Parallelism: Choosing Your Bottleneck
The Scaling Hierarchy.
Modern LLMs (like GPT-4 or Llama 3) have trillions of weights. These literal "monsters" cannot fit on the 80GB memory of a single H100 GPU. Even the 141GB of an H200 is insufficient for the training gradients and optimizer states.

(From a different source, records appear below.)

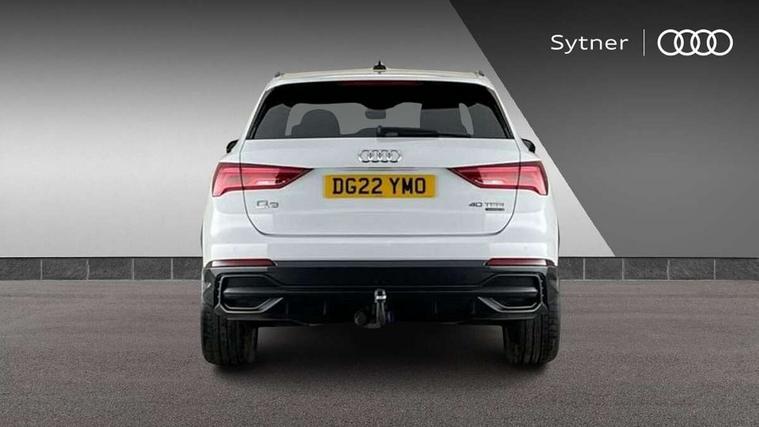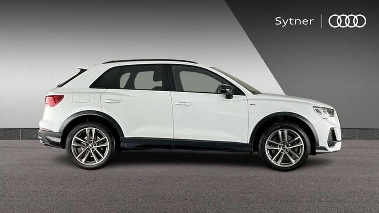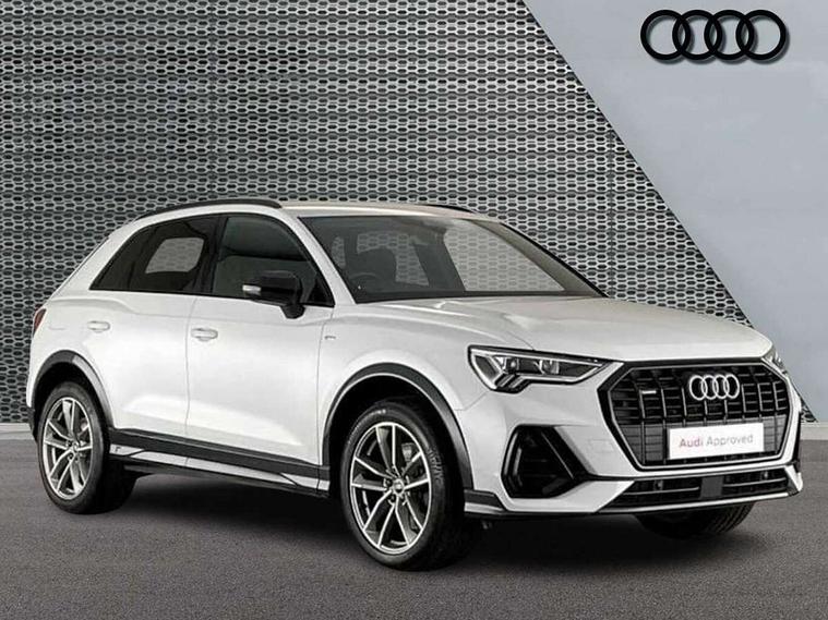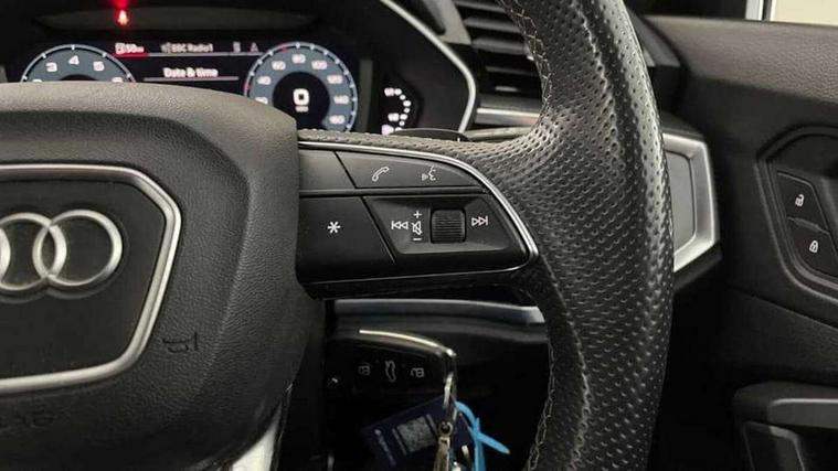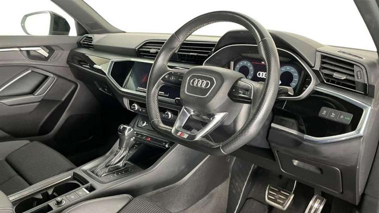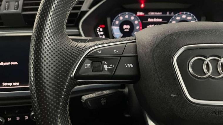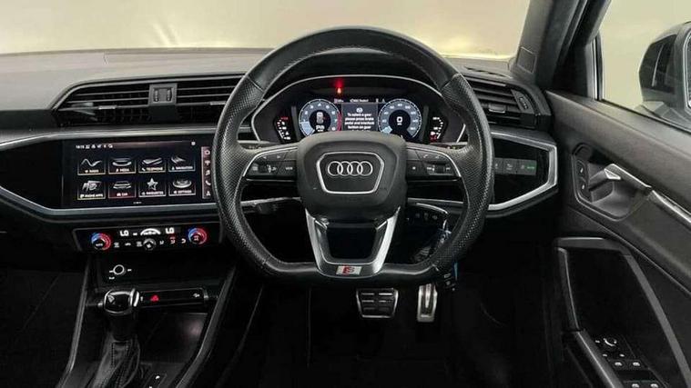 Amazon alexa Integration, Audi connect safety and service (e-call), Audi drive select, Audi lane departure warning, Audi smartphone interface includes wireless Apple carplay/Android Auto, Audi Virtual Cockpit - 10.25" display, Bluetooth interface, Camera based traffic sign recognition, MMI Navigation Plus with high resolution 10.1 inch touchscreen colour display, Power operated tailgate, Progressive steering, Service interval indicator, Start stop system with recuperation, Voice control system with natural language interaction, Sports suspension, 2 USB-C ports with charge and data functions, 6 passive loudspeakers, DAB digital radio module, Acoustic windscreen, Auto dimming frameless rear view mirror, Black roof rails, Electrically folding, adjustable and heated door mirrors with integrated LED side indicators and kerb view function for passenger side, Front and rear electric windows, Front fog lights, Grille vertical bars in aluminium silver/Matt, High gloss black finish B and C pillars, LED headlights with LED daytime running lights, LED rear lights, LED third brake light, Privacy glass dark tinted rear and rear-side windows (from B-pillar backwards), Rain and light sensors, Rear diffuser strip in matt titanium black, Rear side wing doors, Rear wiper, S line bumpers in contrasting Manhattan grey, Variable front intermittent wipers, 12V socket in rear centre console, 3 seat bench in 2nd row, 40:20:40 folding with manual adjustment for 60:40 forwards/backwards position and backrest angle, Adjustable rear seat bench/backrest with centre armrest and cupholder, Black cloth headlining, Dual zone electronic climate control, Front and rear black floor mats with contrast stitching in rock grey, Front and rear headrests, Front and rear roof module including reading lights, Front centre armrest, Glove compartment lighting, Height and reach adjustable steering wheel, Illuminated door sill trims with S logo, ISOFIX child seat mounting for front passenger with airbag deactivation and outer rear seat including top tether attachment point for outer rear seats, Luggage compartment light, Manual front seats with height adjustment, Perforated leather gearknob, Single front passenger seat, Stainless steel luggage compartment sill finisher, Stainless steel pedals, Black styling pack - Q3, Non smoking pack - Q3, 3x3 point rear seatbelts, 6 airbags - Driver, front passenger, curtain and side windows, Audi pre-sense front with pedestrain and cyclist recognition, Electromechanical parking brake, Electronic stabilisation control including ABS, ASR and EDL, Front seatbelt reminder, Hill descent control, Hill hold assist, Manual child lock in rear doors, Pre sense basic, Seatbelt monitoring, Tyre pressure warning, Warning triangle and first aid kit, Anti theft alarm, Anti theft wheel bolts, Immobiliser, Remote central locking, Detail dashboard around MMI touch colour display in glass look, black with surround in aluminium look, Leatherette door armrest, Piano black inlay,
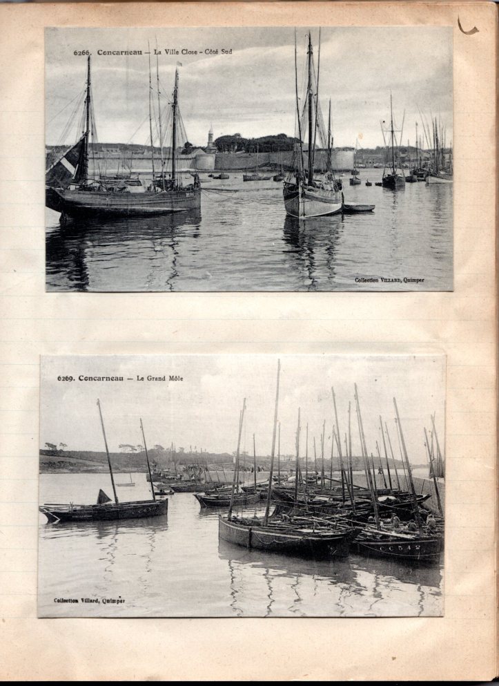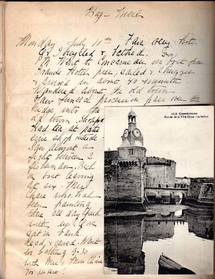“Monday, July 11th, Beg Meil. Fair, very hot. E. and I bicycled and bathed. P.M. went to Concarneau on boat, 2-15, from Grande Hotel pier, sailed and chugged and arrived in about 40 minutes. Wandered about the old town. Saw funeral procession pass over the bridge into the old town. Shopped. Had tea at Patisserie shop outside. Saw almost a fight between 2 fishermen. Back on boat leaving at six. Miss Chase who had been painting there all day back with us. Eve (evening)sat on bank. Read and sewed. Went in bathing 9-30 with Mrs. and Miss Chase. Too perfect!”
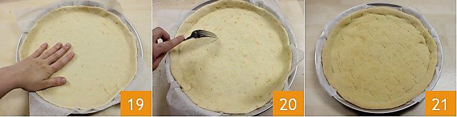 Stellen Sie sicher, dass der Boden und die Ränder perfekt an der Form anliegen 19. Stechen Sie dann den Boden mit den Zinken einer Gabel ein 20 und backen Sie ihn im vorgeheizten statischen Ofen bei 180°C für 30 Minuten (wenn Sie einen Umluftofen verwenden, bei 160°C für 20-25 Minuten). Wenn er gebacken ist, nehmen Sie ihn aus dem Ofen und lassen ihn abkühlen 21.
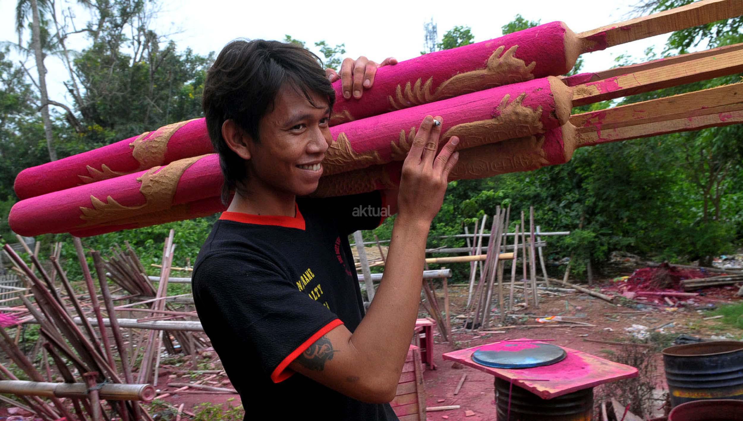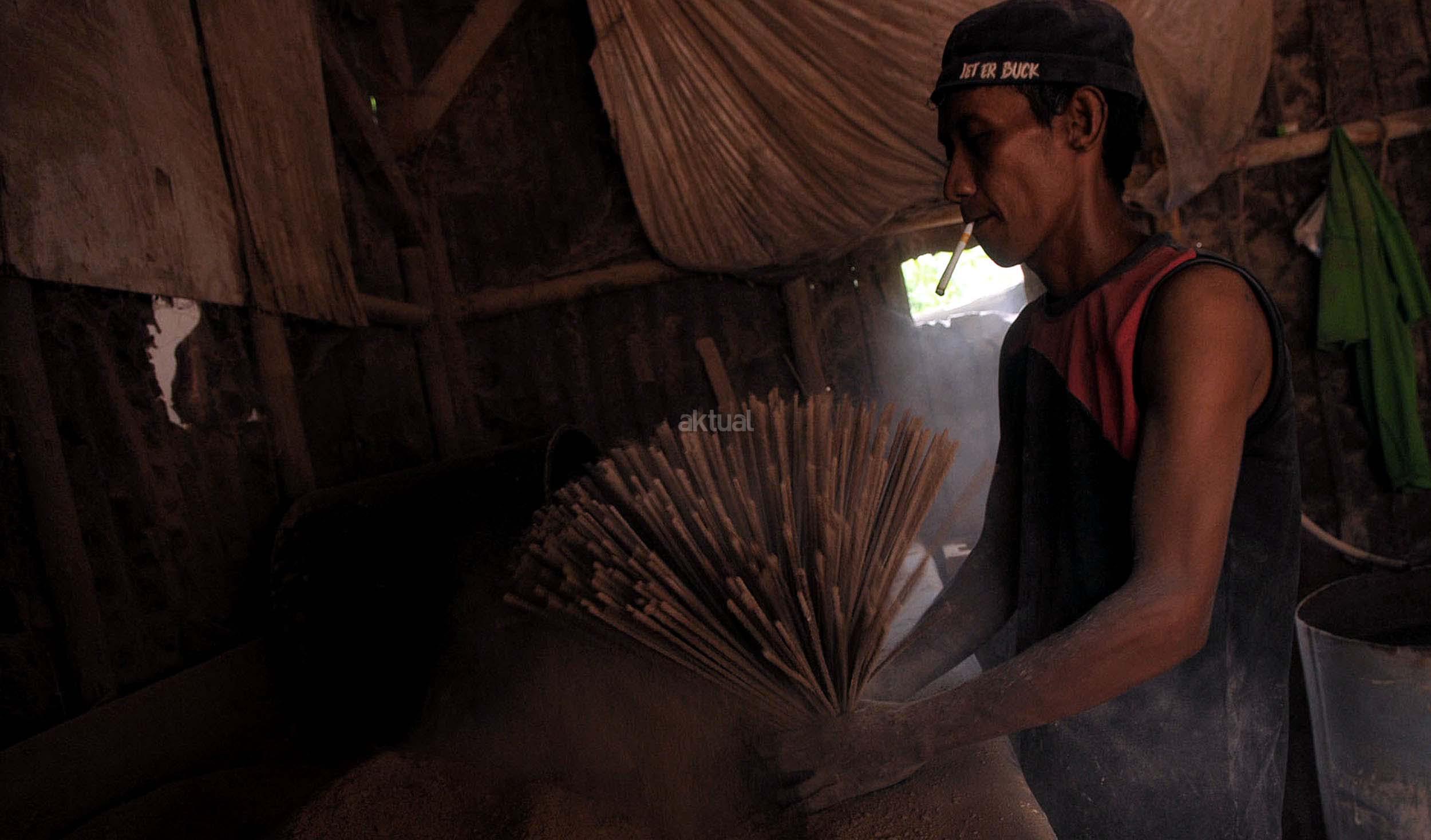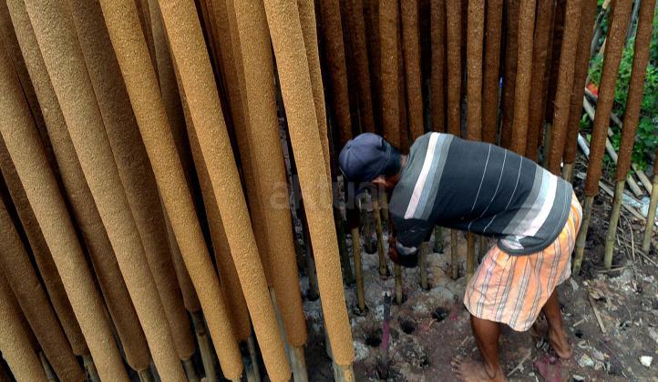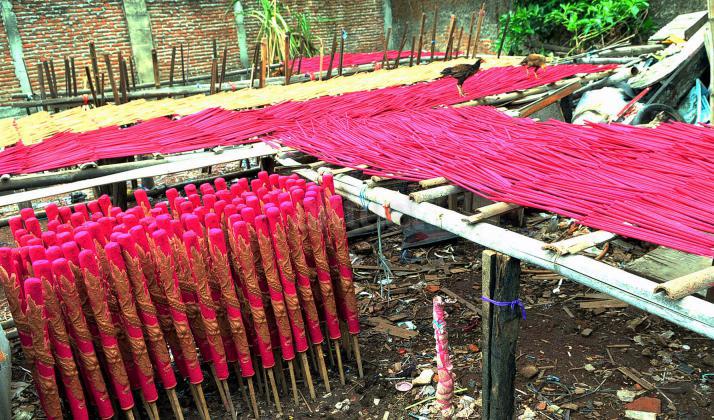 Kumpulan kayu untuk batang hio sedang dijemur, Teluk Naga, Tangerang, Jumat (22/1/2016). Menjelang perayaan tahun baru Cina (Imlek) pesanan hio melonjak drastis hingga 300 persen.

Distributed training solves this by splitting the workload. However, each splitting strategy imposes a different burden on your physical network fabric—from "Burst-Heavy" data movement to "Latency-Critical" weight sharing.
Data Parallelism (DP)
Every GPU has a FULL copy of the model. Each GPU handles a DIFFERENT chunk of data.
Tensor Parallelism (TP)
A SINGLE LAYER is split across multiple GPUs. Operations (like MatMul) are split.
Pipeline Parallelism (PP)
Layers are sequential. GPU 1 does layer 1-5, GPU 2 does 6-10.
The All-Reduce Stress Test.
In Data Parallelism, at the end of every forward and backward pass, GPUs must aggregate their gradients. This is usually done via a **Cuda All-Reduce** operation. If your network isn't "Non-Blocking" (i.e. Fat-Tree), the congestion during this collective phase will cause a "Communication Wall," where GPUs sit idle waiting for the fabric.